Big Esso puts Indigenous Australian food on the map
Words & images by Sofia Levin
Melbourne is blessed with multiculturalism, but there’s one cuisine we haven’t quite figured out yet: Indigenous Australian food. Torres Strait Island-born Nornie Bero is leading the charge with Big Esso and Mabu Mabu.
Victoria Street is known for Vietnamese cuisine. Lygon Street goes by “Little Italy”. Dandenong boasts some of the best Indian food in the country. But Australian food? We’re only just starting to take notice.
“I would love there to be an Indigenous street where we can have our own cuisine… we just don’t talk about it enough,” says chef and cookbook author, Nornie Bero.
She’s the owner of Big Esso restaurant in Melbourne CBD and Mabu Mabu cafe in Yarraville, and she’s on a crusade to familiarise Australians with real native food.
“It comes with education, because people don’t know that we have a cuisine.

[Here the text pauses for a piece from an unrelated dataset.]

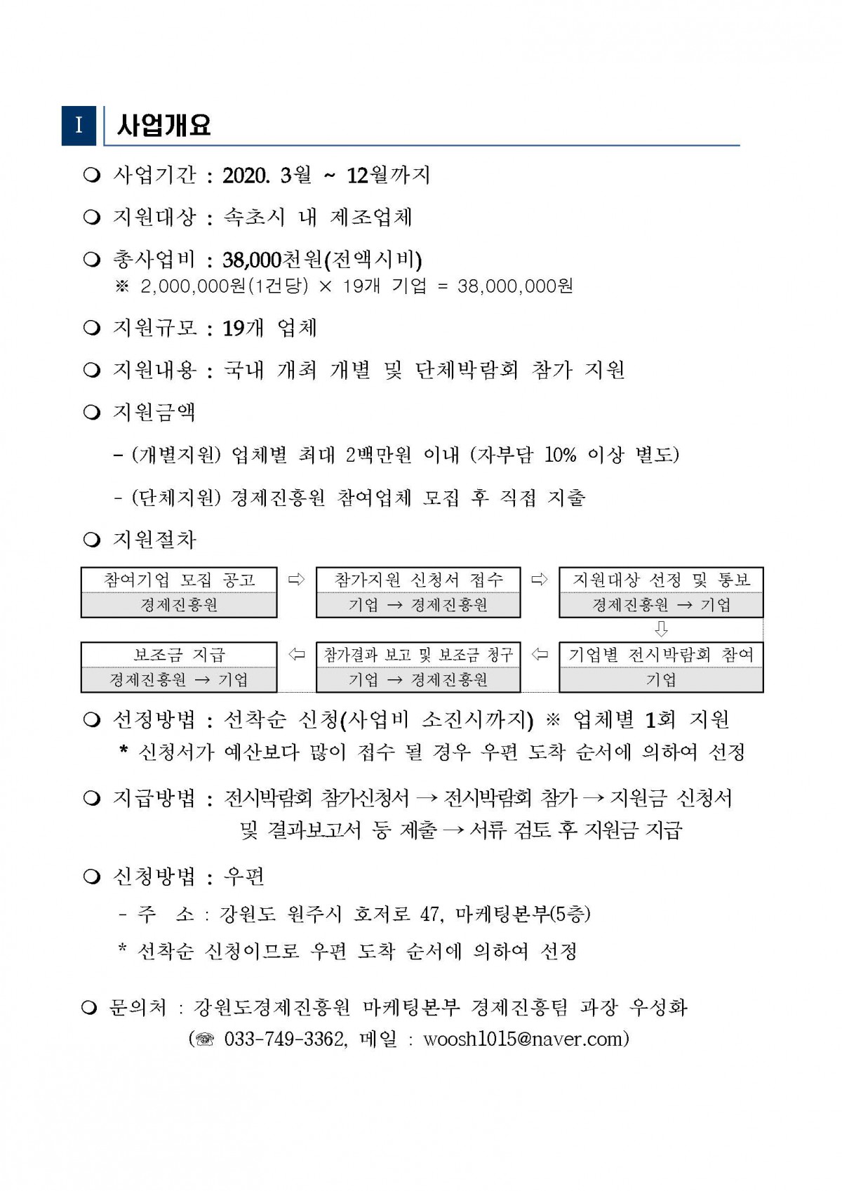 | [신청가능] [속초시] 2020 속초시 전시박람회 참가 지원사업 참여기업 모집 공고 | |

I think they think we live off grubs and bark… but it’s gotten better and I think we’ll get there,” she says.
Nornie grew up on Mer Island in the Torres Strait, where she spent her childhood foraging for tropical fruit and collecting lizard eggs.

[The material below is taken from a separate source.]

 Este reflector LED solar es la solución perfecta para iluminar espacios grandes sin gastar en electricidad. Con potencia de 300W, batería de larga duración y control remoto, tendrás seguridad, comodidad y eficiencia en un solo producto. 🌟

“I never thought from being a kid that grew up with a spear in my hand on a reef in the Torres Strait, that I would one day own a restaurant in Federation Square in Melbourne."
That restaurant is Big Esso, which means “big thank you” in Meriam Mir, spoken on Mer Island.
“The menu here at Big Esso follows my childhood growing up. So from periwinkles to fish, to my life on mainland Australia as well, enjoying everything that we have to offer here,” says Nornie.
Native Australian ingredients are the heroes of every dish. Wattleseed and pumpkin damper served with golden syrup butter is a nod to Nornie's father, who taught her how to make it when she was a little girl.
Oysters are accompanied by pepperberry mignonette or garnished with finger lime and river mint. Kangaroo is hand-chopped into tartare and crocodile deep-fried and seasoned with saltbush and pepperberry, the lovechild of salt and pepper calamari and fried chicken.
From the sea, elongated razor clams are spooned with sea urchin bisque, while signature namas sees coconut-cured kingfish scooped up with taro crisps. Tables share wild boar with tea grass and labne on banana leaves and charred emu fillets sweetened with molasses and topped with saltbush chimichurri and fried sugar cane.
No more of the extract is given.